Encyclopedia
Filaggrin
- genes
1. Normal Function
The FLG gene provides instructions for making a large protein called profilaggrin, which is found in cells that make up the outermost layer of skin (the epidermis). Profilaggrin is cut (cleaved) to produce multiple copies of the filaggrin protein, which is important for the structure of the epidermis. The profilaggrin molecule can contain 10, 11, or 12 copies of the filaggrin protein, depending on the genetics of the individual. Further processing of the filaggrin protein produces other molecules that play a role in hydration of the skin.
The epidermis acts as a barrier to help minimize water loss and protect the body from foreign substances, including toxins, bacteria, and substances that can cause allergic reactions (allergens), such as pollen and dust mites. Filaggrin plays an important role in the skin's barrier function. It brings together structural proteins in the outermost skin cells to form tight bundles, flattening and strengthening the cells to create a strong barrier. In addition, processing of filaggrin proteins leads to production of molecules that are part of the skin's "natural moisturizing factor," which helps maintain hydration of the skin. These molecules also maintain the correct acidity (pH) of the skin, which is another important aspect of the barrier.
2. Health Conditions Related to Genetic Changes
2.1 Alopecia Areata
2.2 Atopic Dermatitis
Mutations in the FLG gene are strongly associated with a skin disorder called atopic dermatitis (also known as atopic eczema). This condition is characterized by dry, itchy skin and red rashes. Twenty to 30 percent of people with atopic dermatitis have an FLG gene mutation compared with 8 to 10 percent of the general population without atopic dermatitis. Having a mutation in this gene only increases the risk of developing atopic dermatitis. Not everyone with an FLG gene mutation will develop the disorder. Other genes and environmental factors contribute to atopic dermatitis. Individuals with a mutation in both copies of the FLG gene are at greater risk of developing atopic dermatitis than those with a mutation in only one copy of the gene. The condition is typically more severe in people with two mutated copies.
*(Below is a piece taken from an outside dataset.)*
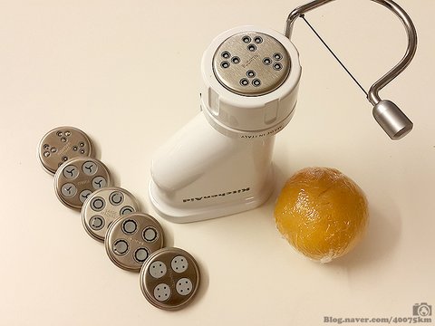 반죽을 뭉쳐서 숙성시키는 동안 파스타 기계의 디스크를 바꿔 끼워줍니다.

In addition to FLG gene mutations, the number of filaggrin proteins produced from each profilaggrin molecule is associated with development of atopic dermatitis; individuals with genetic instructions for producing 10 copies are at greater risk of developing the disorder than those with instructions for producing 11 or 12 copies.
Approximately 40 mutations in the FLG gene have been identified in people with atopic dermatitis. These mutations lead to production of an abnormally short profilaggrin molecule that cannot be cleaved to produce filaggrin proteins. The resulting shortage of filaggrin can impair the barrier function of the skin. Further, a lack of filaggrin leads to a shortage of natural moisturizing factor, which allows excess water to be lost through the skin and causes dry skin in affected individuals.
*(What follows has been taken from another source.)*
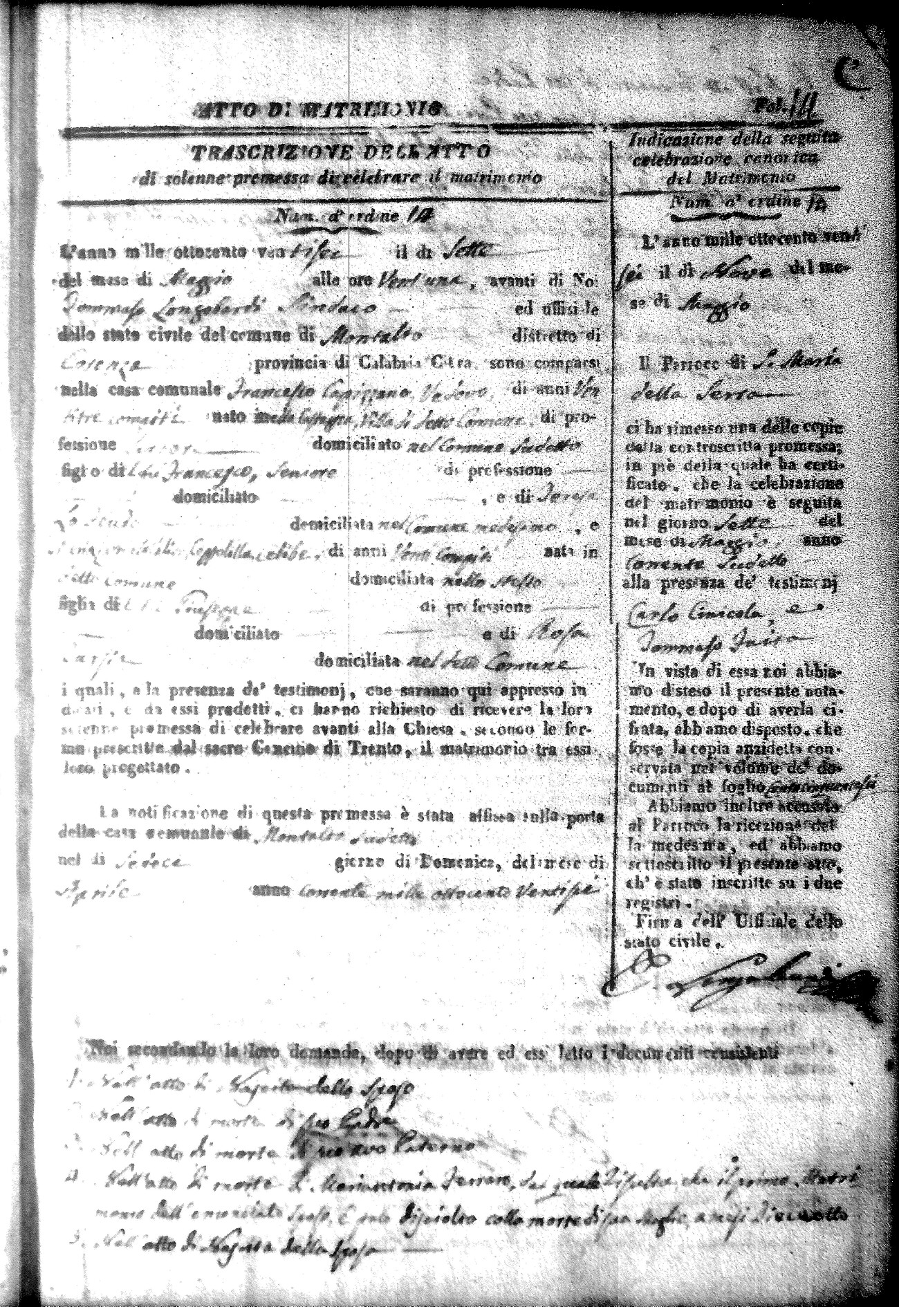 | Longobucco | Pasquale Vincenzo Maria | Tomasso (fu) | Chimenti | Saveria | Gentile | Maria? | Angelo (fu) | Faeta | Anna (fu) |

Research suggests that the impairment of the skin's barrier function caused by a shortage of filaggrin contributes to development of allergic disorders. Atopic dermatitis is not initially caused by an allergic reaction, although sometimes substances that can cause allergic reactions (allergens) are thought to contribute to flare-ups of the rashes. In addition, people with atopic dermatitis have an increased likelihood of developing other allergic disorders, including asthma, hay fever, and food allergies. (The tendency to develop allergic disorders is known as atopy.)
2.3 Other Disorders
More than 40 FLG gene mutations have been found to cause a relatively common skin disorder called ichthyosis vulgaris, which is characterized by dry, scaly skin, particularly during the winter when humidity in the air is low. Affected individuals can also have unusually prominent creases on the palms of their hands and soles of their feet (palmar and plantar hyperlinearity) and an increased risk of allergic disorders, including atopic dermatitis (described above). Typically, individuals with a mutation in one copy of the FLG gene are mildly affected; they may have symptoms only seasonally, or they may never have obvious skin problems. Individuals with two mutated copies of the gene have more severe symptoms that may be present year-round.
Some of the mutations associated with atopic dermatitis are also found in people with ichthyosis vulgaris. As in atopic dermatitis, the mutations lead to production of an abnormally short profilaggrin molecule that cannot be cleaved to produce filaggrin proteins. A lack of filaggrin and the molecules produced from its processing lead to the dry, scaly skin characteristic of ichthyosis vulgaris. Impairment of the skin's barrier function likely contributes to the development of allergic diseases in some people with ichthyosis vulgaris. Individuals with FLG gene mutations have an increased risk of developing asthma, but only if they also have atopic dermatitis. FLG gene mutations also increase the risk of hay fever, food allergies, and skin sensitivity to nickel, regardless of whether the person has atopic dermatitis. Additional factors, such as living with a cat and smoking tobacco products, may increase the risk of atopic dermatitis and asthma, respectively, in people with ichthyosis vulgaris.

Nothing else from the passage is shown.